As a symbol of an era in which the personal became the political it seems particularly evocative. For Just Kids is all about the struggle to grow up and to try to be oneself. Given the materialism of everything that has followed since the Reagan/Thatcher period, such ideas may now seem quaint and idealistic. Yet for a moment at least the punk ugly duckling ruled.
Next week the series continues with an examination of ‘Just Kids’ in terms of the changing relationship between artist and public and the development of materials and processes.
 


Posted by author: Gerald

3 thoughts on “Just Kids: II

  • Interesting. I haven’t read Patti Smith’s book but I did live through this period and was relieved when you distinguished between her account and what happened here. I wouldn’t dismiss hippiedom as bourgeois – some of it was but there were ecological drop outs who were the avant gard of the Greens. And people who were more political and ended up in the peace/ women’s other movements. Always great to read about this period though.

  • I’m reading Patti Smith’s Just Kids now…about half way through, and a few weeks ago I read Viv Albertine’s autobiography. Both women decided they were ‘artists’ – that this is what they were meant to do – they had that conviction.

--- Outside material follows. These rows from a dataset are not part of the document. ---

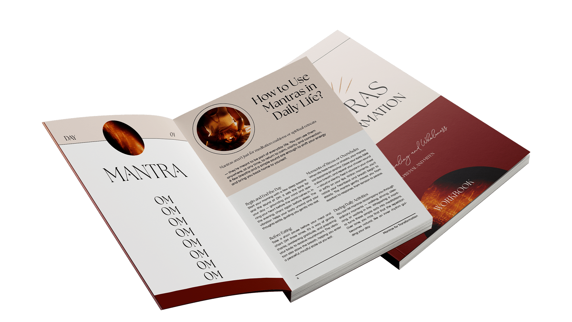 Guia de Referência Completo com todos os mantras em sânscrito, transliteração e tradução, além de espaço para as tuas reflexões pessoais.
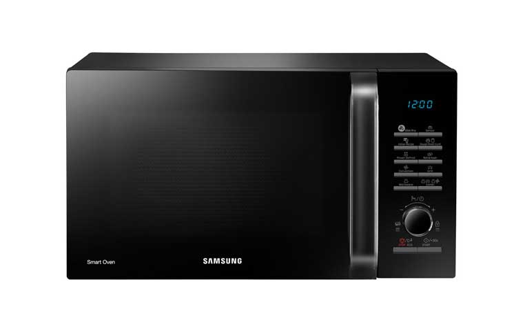 Switch to cooking healthy meals effortlessly with this Samsung convection microwave oven. It comes with many features like slim fry, smart moisture sensor and pre-set recipes, which help you to cook and eat healthy and delicious food. Enjoy fried chicken or french fries by avoiding deep fry or oil spills with this microwave oven. Its Slim Fry technology uses only a touch of oil to give you yummy food, which is crispy on the outside and perfectly cooked from inside. It cooks food using hot air circulation that is generated from the microwave, grill and convection heaters. With Smart Moisture sensor, it can automatically detect and adjusts the humidity in its interior to retain the freshness and original taste of your food. Along with all these healthy features it comes with 15 pre-programmed healthy recipes, which help you cook with convenience. Cook anything from grilled chicken, brown rice, fresh seafood or bake vegetables, which are moist and nutritious with this auto cook menumicrowave.
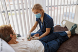 Doctor putting drip in the arm of patient in mask during pandemic of Covid 19. High quality photo
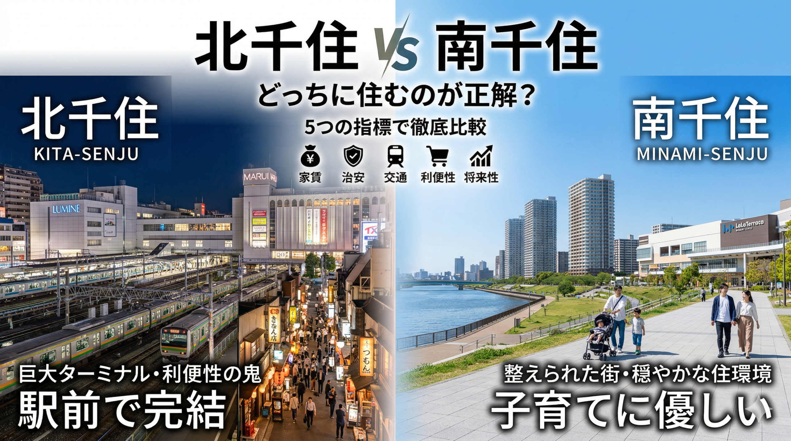 そんな迷いを抱えるあなたのために、本記事では家賃相場、治安、交通、生活利便性、そして街の将来性という5つの切り口で両駅を徹底解剖します。
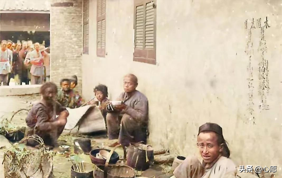 07镇江逃荒的穷苦百姓,天灾人祸下,都是居无定所,举家乞讨。
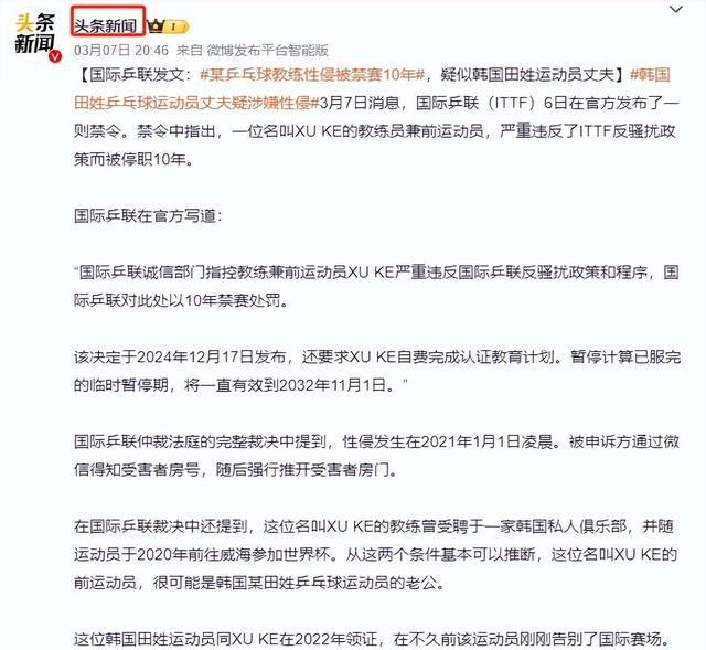 近日,海外乒联公布宣布示意,因一位名叫徐克的球员性侵他东谈主,将处以10年禁赛处罚。

Pursuing this then meant constantly having no money, living in nasty conditions, eating leftovers off other peoples plates etc…. generally getting by hand-to-mouth in a precarious manner. Finding and surrounding themselves with kindred spirits living in similar conditions, and having role models past or present kept it going for them and I guess validated how they were choosing to live.
    Paraxodically, even though today’s society is much richer economically, I don’t know that there is the same opportunity or space for young people to explore that way of being, to be that pure about going with the artistic / creative forces within them? The State will get you…you can’t just ‘bum about’. And Art college will set you back 27K++. And could you bear to be that poor when everyone around you has the latest gadget? Unless you have rich and supportive parents you are much more likely just to get on the job ladder and ditch your dreams…..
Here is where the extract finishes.